Where communities thrive


  • Join over 1.5M+ people
  • Join over 100K+ communities
  • Free without limits
  • Create your own community
People
Repo info
Activity
    Marty Schoch
    @mschoch
    there were some bugs in that area fixed in the last 6 months though
    @panakour ok that sounds doable, do you have any specific questions we can help with?
    Panagiotis Koursaris
    @panakour

    @mschoch As I understood from the documentation this is doable using token filters https://blevesearch.com/docs/Token-Filters/. Is there any ready made token filter type in which will let me do it?
    Also which is the best way to do it? using the AddCustomTokenFilter ? Or is there any way to do it like a plugin for anyone else wanting the same and for better recycled on other projects?

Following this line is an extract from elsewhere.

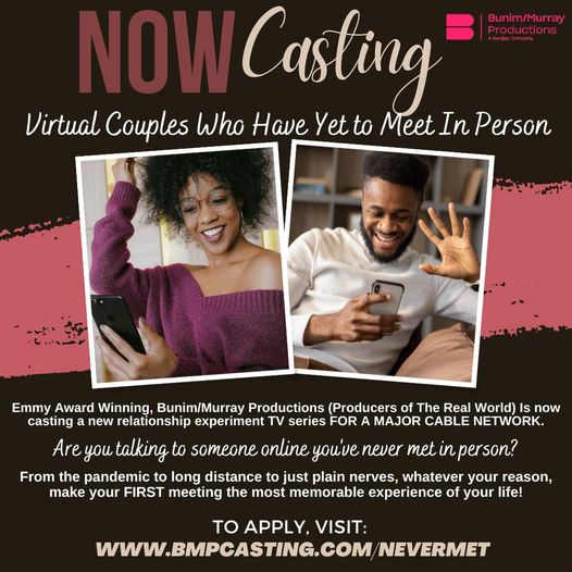 Bunim/Murray Productions, renowned for The Real World, is in their search for virtual couples for an exciting new relationship experiment TV series on a major cable network. Have you been connecting with someone online whom you’ve never met face-to-face? Whether it’s due to the pandemic, long-distance challenges, or simply nerves, this series promises to make your first meeting unforgettable.

    There is a plugin for elasticsearch that do the same thing I want https://github.com/skroutz/elasticsearch-analysis-greeklish https://github.com/skroutz/elasticsearch-analysis-greeklish/blob/7.7.0/src/main/java/org/elasticsearch/index/analysis/GreeklishGenerator.java

    Panagiotis Koursaris
    @panakour
    @mschoch Also I just found that you have refactoring the whole library with the new name "Bluge". So I think your suggestions about the above question should consider using the "Bulge" instead.
    Hendrik Grobler
    @hsjgrobler_gitlab
    Hey guys, quick question about best practice: At an API level, should I keep one index open and re-use that across all requests or open and close the index per request?
    Amnon
    @amnonbc

    I have closed the IP Range search PR as it had a long and circuitous history compromising dozens of commits, which looked like an intimidating prospect for any reviewer. I have squashed the history into a new PR blevesearch/bleve#1546 which comprises less than 600 lines of code, half of which are tests.
    In the end the implementation of IP range searching is quite trivial and maps very nicely to the bleve's indexReader.FieldDictRange feature.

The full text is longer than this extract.